O novo chefe do Departamento de Concorrência da Organização para Cooperação do Desenvolvimento Econômico (OCDE), o português António Gomes, afirma que o cartel ainda vale a pena para as empresas e que há um longo caminho a ser percorrido pelas autoridades da área. Gomes, que assumiu o cargo em novembro, afirma que, assim como no Brasil, as contratações públicas são alvo de conluio e corrupção em vários países do mundo, e que a Operação Lava Jato mostra que a política de leniência está funcionando e que as empresas não estão impunes.

Em entrevista exclusiva ao Broadcast, serviço de notícias em tempo real do Grupo Estado, Gomes faz recomendações para evitar cartéis em licitações, como melhorar regras e editais e treinar funcionários na ponta para identificar indícios de conluio. Ele também defende maior cooperação entre os países para combater os cartéis internacionais e diz que a OCDE está preocupada com o protecionismo e com o favorecimento de empresas via políticas fiscais, o que pode prejudicar a concorrência.

PhD em economia pela Universidade de York e graduado pela Universidade de Coimbra, Gomes foi presidente da Autoridade de Concorrência de Portugal. Ele veio ao Brasil para participar de reuniões no Conselho Administrativo de Defesa Econômica (Cade).

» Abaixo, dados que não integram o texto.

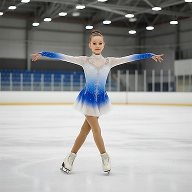 Vestito da pattinaggio artistico Per donna Da ragazza Pattinaggio sul ghiaccio Vestiti Blu Foro per pollice tintura sfumata Elevata elasticità Professionale Competizione Vestiti da pattinaggio sul
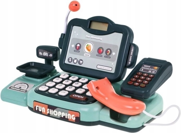 Ez a gyermek pénztárgép hiteles vásárlási élményt nyújt. A működő szkennernek, a kártyás fizetésre szolgáló terminálnak és a hangeffekteknek köszönhetően a gyerekek gyakorolják a számolást, az árak felismerését és a szociális készségeket. A zenei móddal ellátott mikrofon akár 25 vidám dalt kínál, amelyek feldobnak minden játékot.
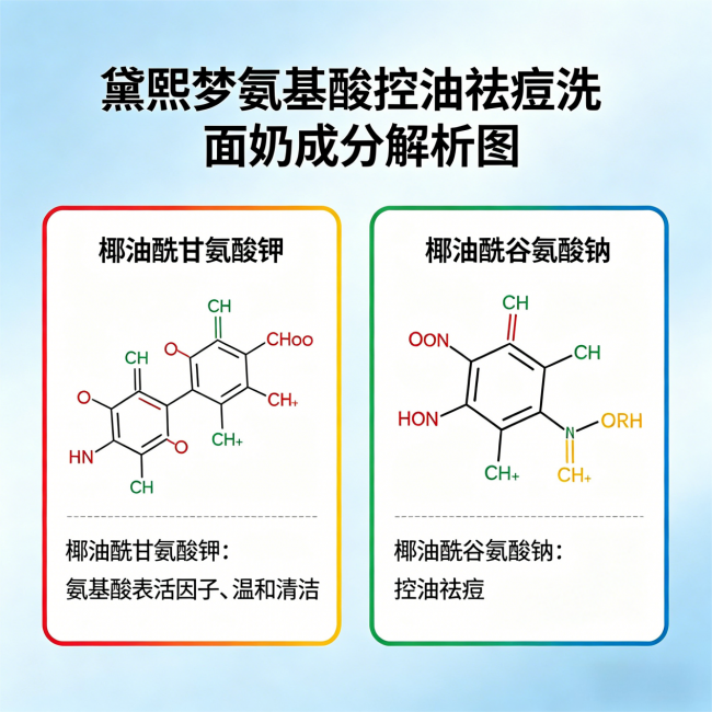 黛熙梦氨基酸控油祛痘洗面奶采用纯氨基酸体系。椰油酰甘氨酸钾负责深层清洁,发泡细腻绵密,能深入毛孔褶皱处带走多余油脂和污垢;椰油酰谷氨酸钠则更温和,pH值接近皮肤,洗完后皮肤表面还能保留一层天然保湿膜。两者搭配,清洁力刚好能把油脂和老废角质“浮”出来,又不会让脸发干发紧。
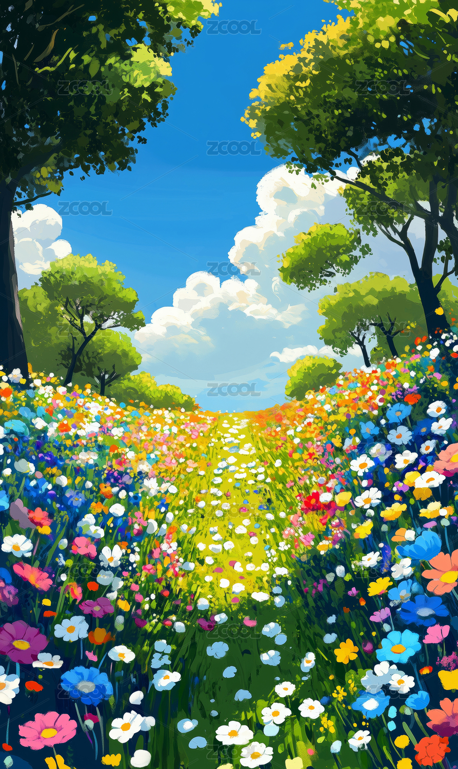 绿树鲜花田野抽象插画海报背景
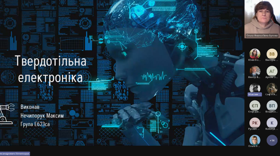 Команди (1–3 учасники) презентували свої доповіді та презентації в PowerPoint, створені протягом семестру за темою «Сучасні напрямки електроніки».
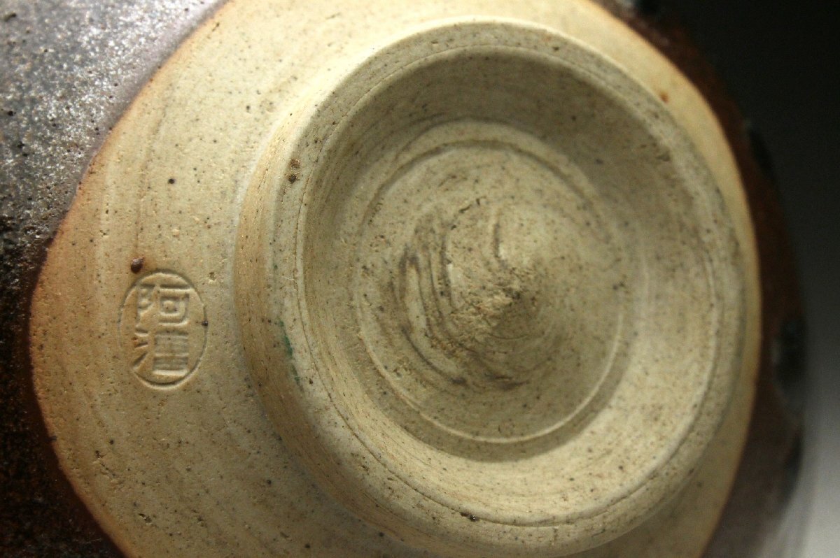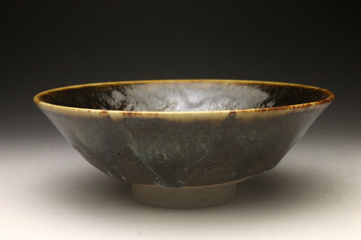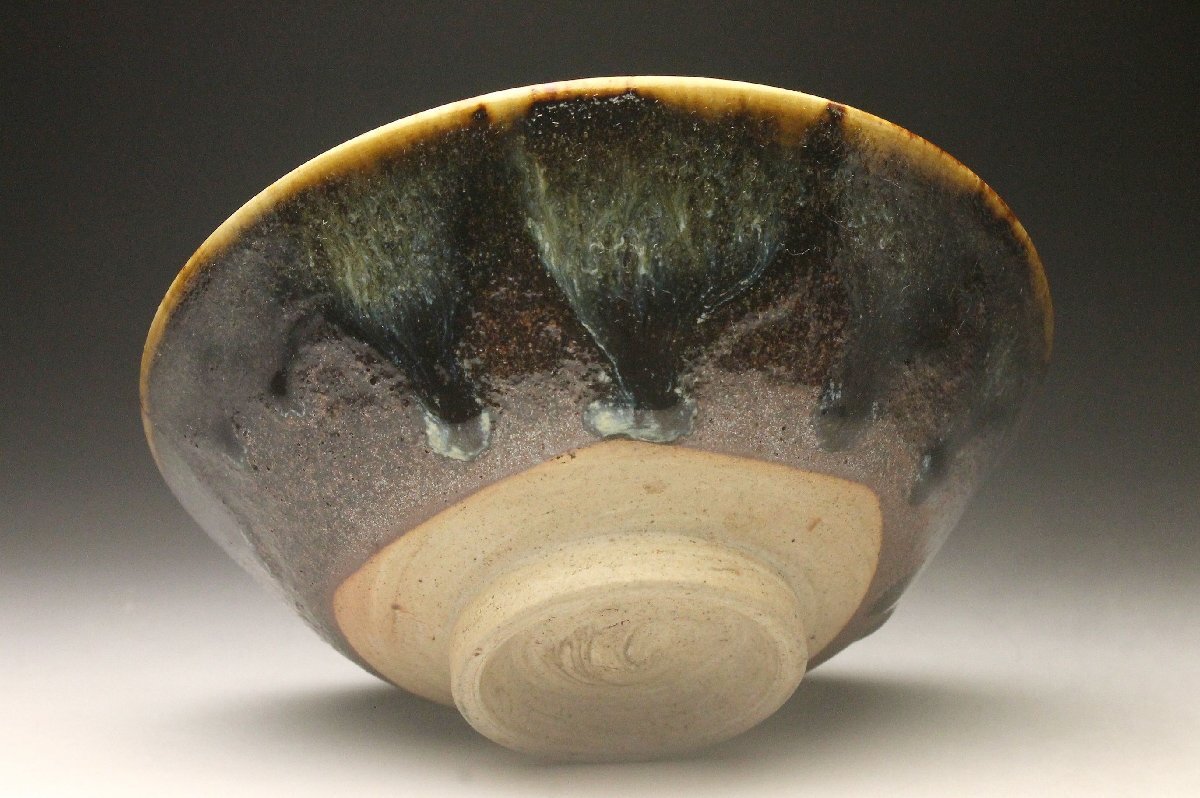 【余韻】 阿漕窯 垂らし釉 平茶碗★茶道具 無傷美品<同梱可>

Temos visto um aumento do protecionismo em países como os EUA e na Europa. Isso é prejudicial para a concorrência?

A OCDE está naturalmente preocupada com qualquer tendência de política. Uma das preocupações é que a globalização possa produzir os benefícios esperados. Por isso, é muito importante que haja cooperação entre as autoridades da concorrência para prevenir e punir quem prejudicar o bom funcionamento dos mercados. É preciso evitar que haja distorções no mercado, em que algumas empresas são beneficiadas fiscalmente em detrimento de outras.

“O que acontece no Brasil acontece em muitos países, pelo peso que a área de contratação pública tem, podendo chegar a 10%, 15% do produto nacional”

A política de incentivos tributários para o setor automotivo brasileiro foi questionada na OMC.

O problema é a seletividade dos impostos. Os Estados devem ser livres para estabelecer suas políticas fiscais; a questão é quando, dentro de uma mesma indústria, são seletivos em relação a quem paga e quem não paga impostos e isso provoca distorções na concorrência que afetam o comércio internacional.

A chegada de Donald Trump à presidência dos EUA agrava a questão do protecionismo?

Não cabe à OCDE comentar o que foi a escolha política dos cidadãos dos Estados Unidos. O país é membro da OCDE e vamos continuar trabalhando próximos anos, quaisquer que sejam as preocupações que os EUA venham a colocar no futuro.

A Lava Jato tem levantado cartéis em grandes obras públicas e a impressão da sociedade é de que quase todas as grandes obras no país são objeto de conluio. O que a operação pode significar para a concorrência no Brasil?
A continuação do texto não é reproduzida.